Hey everyone. I have a quick question. I bought my 2013 Cruze in the Fall of 2014 and did not know the original warranty from GM came with the car ( I emailed GM and asked out of curiosity and they informed me the original warranty followed the car regardless of ownership ). Good news indeed but I have no paperwork on what it covers for example, 3 year 36000 mile etc. Any help would be appreciated. My Cruze now has around 51000 miles and runs great!


----------



## anthonysmith93 (Jul 15, 2015)

stormcruze said:


> Hey everyone. I have a quick question. I bought my 2013 Cruze in the Fall of 2014 and did not know the original warranty from GM came with the car ( I emailed GM and asked out of curiosity and they informed me the original warranty followed the car regardless of ownership ). Good news indeed but I have no paperwork on what it covers for example, 3 year 36000 mile etc. Any help would be appreciated. My Cruze now has around 51000 miles and runs great!


This should help you some. http://www.cruzetalk.com/forum/9-ge...does-not-cover-under-their-gmpp-warranty.html


----------



## Tomko (Jun 1, 2013)

It would have been covered with a 3/36 bumper to bumper and a Powertrain warranty beyond that.

Unlikely the vehicle has a GMPP.


----------



## obermd (Mar 3, 2012)

Since GM has taken down the warranty info from their site I would PM our @Chevy Customer Care account.


----------



## ChevyGuy (Dec 13, 2014)

stormcruze said:


> Good news indeed but I have no paperwork on what it covers for example, 3 year 36000 mile etc. Any help would be appreciated. My Cruze now has around 51000 miles and runs great!
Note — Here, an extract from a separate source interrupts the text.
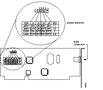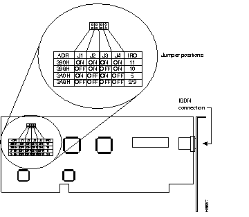 Jumper switches 1 through 4 are located at J1 through J4 and are clearly marked on the ISDN Adapter, as shown in Figure 1-1 (Cisco 201) and Figure 1-2 (Cisco 202). Set these jumpers as necessary to have IRQ and I/O port address settings for the ISDN Adapter that are unique within your PC.

You're out of B2B warranty, but you still have powertrain left. There wasn't anything in the glovebox? As I recall, it's another booklet much like the owner's manual.


----------



## Eddy Cruze (Jan 10, 2014)

obermd said:


> Since GM has taken down the warranty info from their site I would PM our @*Chevy Customer Care* account.


 I still see full warranty coverage info for 2015 & 2016 as it has been modified. The links to the GMPP have been taken down and are being replaced with 404 Errors or info on the new GMEPP 
Warranty Coverage: Cars, Trucks, SUVs, Vans | Chevrolet


----------